### WHAT YOU SHOULD DO
Your answer must be the exact lines of the listing below that run from the line with "Liten bagasjeboks for" to the line with "进行设置。撰写新邮件时,可以", ends included, and no pictures.
-- SUPPLIED INFORMATION follows --
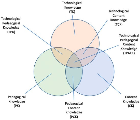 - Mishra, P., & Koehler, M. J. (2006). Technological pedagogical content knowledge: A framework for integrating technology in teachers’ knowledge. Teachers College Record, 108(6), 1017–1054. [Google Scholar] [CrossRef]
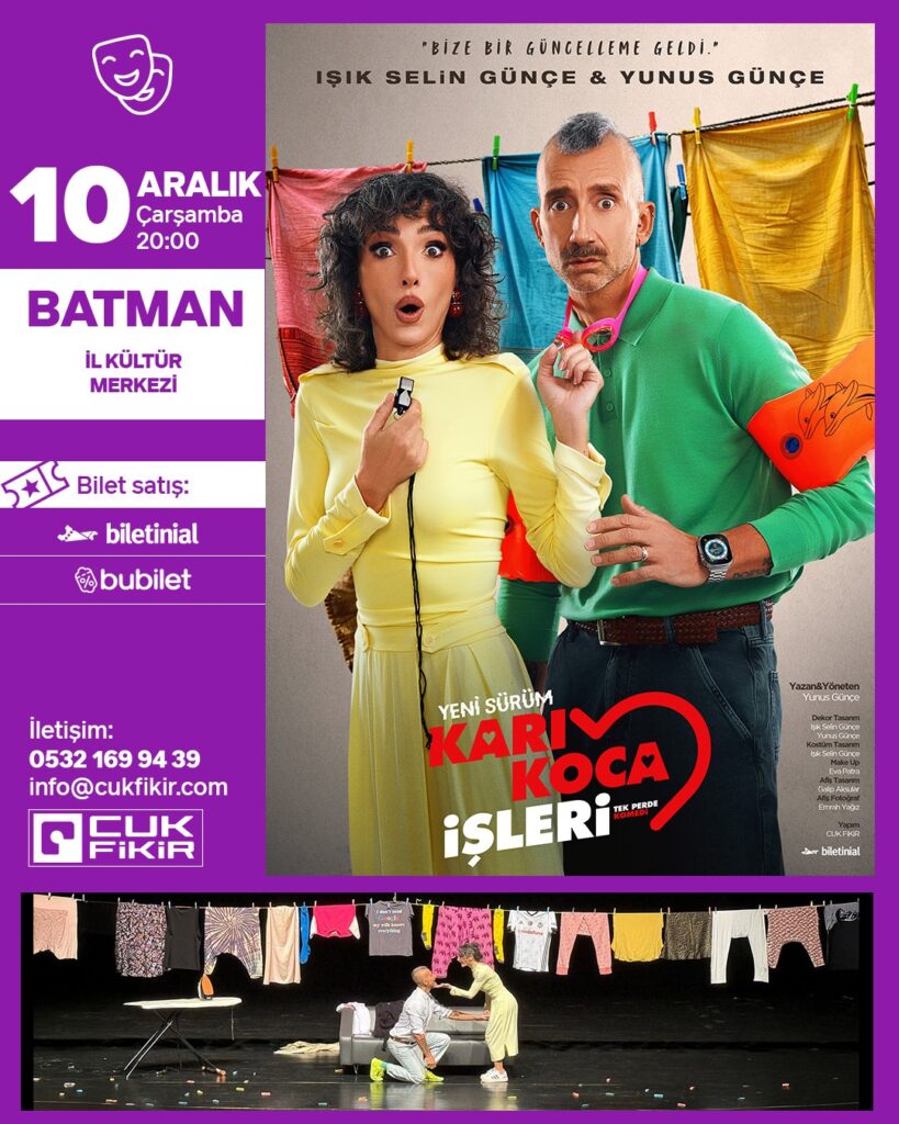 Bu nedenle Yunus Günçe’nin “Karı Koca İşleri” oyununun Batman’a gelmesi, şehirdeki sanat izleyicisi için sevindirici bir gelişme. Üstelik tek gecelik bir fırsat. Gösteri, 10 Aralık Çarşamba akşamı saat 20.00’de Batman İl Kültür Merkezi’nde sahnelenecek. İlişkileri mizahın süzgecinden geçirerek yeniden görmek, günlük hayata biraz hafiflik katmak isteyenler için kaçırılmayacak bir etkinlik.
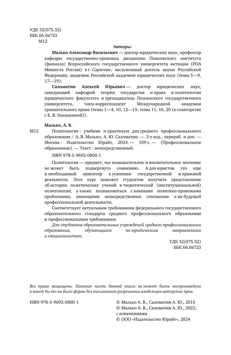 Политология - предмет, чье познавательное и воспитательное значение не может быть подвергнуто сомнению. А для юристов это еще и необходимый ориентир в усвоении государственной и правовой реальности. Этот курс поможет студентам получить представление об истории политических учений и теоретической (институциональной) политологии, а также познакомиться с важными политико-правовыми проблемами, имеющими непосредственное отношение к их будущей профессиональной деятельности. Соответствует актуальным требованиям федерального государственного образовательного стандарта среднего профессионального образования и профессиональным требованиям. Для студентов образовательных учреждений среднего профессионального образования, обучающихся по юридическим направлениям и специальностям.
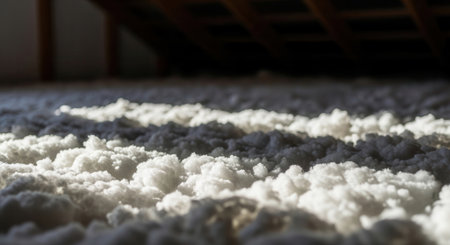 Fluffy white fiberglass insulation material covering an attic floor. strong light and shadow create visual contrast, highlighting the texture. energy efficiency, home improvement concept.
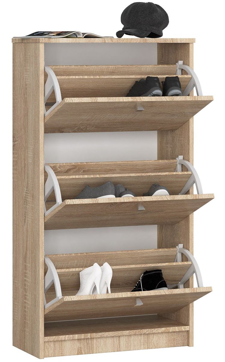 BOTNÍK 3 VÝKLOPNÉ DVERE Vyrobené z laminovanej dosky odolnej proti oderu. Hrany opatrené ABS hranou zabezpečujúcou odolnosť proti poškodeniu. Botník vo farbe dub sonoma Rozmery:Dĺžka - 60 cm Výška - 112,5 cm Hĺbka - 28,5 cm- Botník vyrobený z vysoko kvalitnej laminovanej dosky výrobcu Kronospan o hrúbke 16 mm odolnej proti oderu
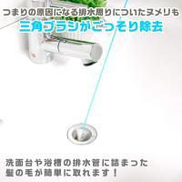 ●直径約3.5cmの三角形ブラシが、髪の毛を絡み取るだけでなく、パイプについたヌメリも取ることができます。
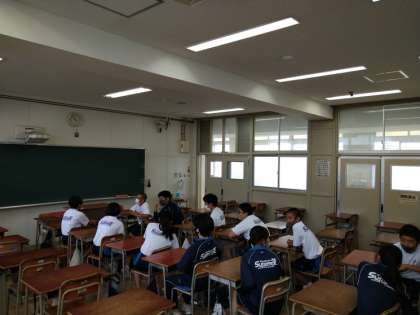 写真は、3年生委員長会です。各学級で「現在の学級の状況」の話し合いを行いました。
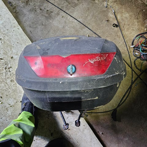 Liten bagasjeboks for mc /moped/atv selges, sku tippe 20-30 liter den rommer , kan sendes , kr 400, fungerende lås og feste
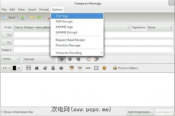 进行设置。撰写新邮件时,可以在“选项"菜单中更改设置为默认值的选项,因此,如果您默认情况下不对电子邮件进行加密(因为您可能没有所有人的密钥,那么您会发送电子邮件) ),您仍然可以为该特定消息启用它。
-- SUPPLIED INFORMATION concluded --
-- SUPPLIED INFORMATION follows --
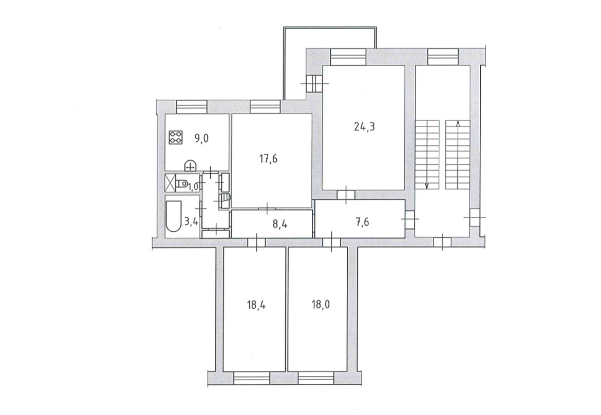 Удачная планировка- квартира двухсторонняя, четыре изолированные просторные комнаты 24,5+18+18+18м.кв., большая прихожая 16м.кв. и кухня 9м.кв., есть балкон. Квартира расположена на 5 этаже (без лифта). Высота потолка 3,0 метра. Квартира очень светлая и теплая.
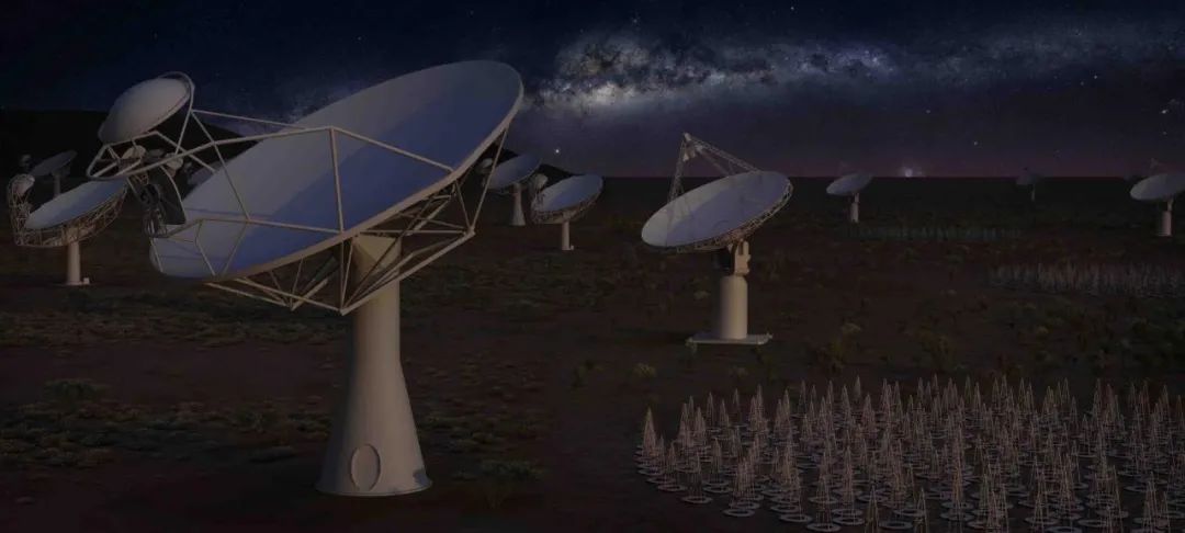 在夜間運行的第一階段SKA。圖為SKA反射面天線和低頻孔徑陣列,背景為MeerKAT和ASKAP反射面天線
-- SUPPLIED INFORMATION concluded --
### SOLVED PROBLEM
 Liten bagasjeboks for mc /moped/atv selges, sku tippe 20-30 liter den rommer , kan sendes , kr 400, fungerende lås og feste
 进行设置。撰写新邮件时,可以在“选项"菜单中更改设置为默认值的选项,因此,如果您默认情况下不对电子邮件进行加密(因为您可能没有所有人的密钥,那么您会发送电子邮件) ),您仍然可以为该特定消息启用它。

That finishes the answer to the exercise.